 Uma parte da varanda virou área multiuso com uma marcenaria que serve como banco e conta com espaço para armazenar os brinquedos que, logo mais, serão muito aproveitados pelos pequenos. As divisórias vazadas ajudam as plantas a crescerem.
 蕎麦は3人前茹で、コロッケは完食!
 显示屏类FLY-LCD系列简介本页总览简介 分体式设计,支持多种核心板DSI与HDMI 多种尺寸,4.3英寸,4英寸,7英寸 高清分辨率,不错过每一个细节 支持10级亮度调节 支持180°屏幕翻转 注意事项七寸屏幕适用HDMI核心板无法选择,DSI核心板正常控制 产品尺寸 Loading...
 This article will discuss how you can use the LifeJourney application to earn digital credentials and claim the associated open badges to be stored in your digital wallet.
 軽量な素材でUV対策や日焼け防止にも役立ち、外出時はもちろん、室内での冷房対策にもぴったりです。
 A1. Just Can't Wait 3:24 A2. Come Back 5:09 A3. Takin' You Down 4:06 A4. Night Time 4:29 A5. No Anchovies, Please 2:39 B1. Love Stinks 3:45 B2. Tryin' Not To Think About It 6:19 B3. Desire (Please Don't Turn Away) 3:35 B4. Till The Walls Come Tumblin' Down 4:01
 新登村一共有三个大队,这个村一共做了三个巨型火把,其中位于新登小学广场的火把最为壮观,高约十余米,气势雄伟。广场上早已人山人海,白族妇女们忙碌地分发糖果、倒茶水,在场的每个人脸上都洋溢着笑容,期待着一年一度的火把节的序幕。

* Task brief
All entries are to be returned word for word.

* Answer section
 Uma parte da varanda virou área multiuso com uma marcenaria que serve como banco e conta com espaço para armazenar os brinquedos que, logo mais, serão muito aproveitados pelos pequenos. As divisórias vazadas ajudam as plantas a crescerem.
 蕎麦は3人前茹で、コロッケは完食!
 显示屏类FLY-LCD系列简介本页总览简介 分体式设计,支持多种核心板DSI与HDMI 多种尺寸,4.3英寸,4英寸,7英寸 高清分辨率,不错过每一个细节 支持10级亮度调节 支持180°屏幕翻转 注意事项七寸屏幕适用HDMI核心板无法选择,DSI核心板正常控制 产品尺寸 Loading...
 This article will discuss how you can use the LifeJourney application to earn digital credentials and claim the associated open badges to be stored in your digital wallet.
 軽量な素材でUV対策や日焼け防止にも役立ち、外出時はもちろん、室内での冷房対策にもぴったりです。
 A1. Just Can't Wait 3:24 A2. Come Back 5:09 A3. Takin' You Down 4:06 A4. Night Time 4:29 A5. No Anchovies, Please 2:39 B1. Love Stinks 3:45 B2. Tryin' Not To Think About It 6:19 B3. Desire (Please Don't Turn Away) 3:35 B4. Till The Walls Come Tumblin' Down 4:01
 新登村一共有三个大队,这个村一共做了三个巨型火把,其中位于新登小学广场的火把最为壮观,高约十余米,气势雄伟。广场上早已人山人海,白族妇女们忙碌地分发糖果、倒茶水,在场的每个人脸上都洋溢着笑容,期待着一年一度的火把节的序幕。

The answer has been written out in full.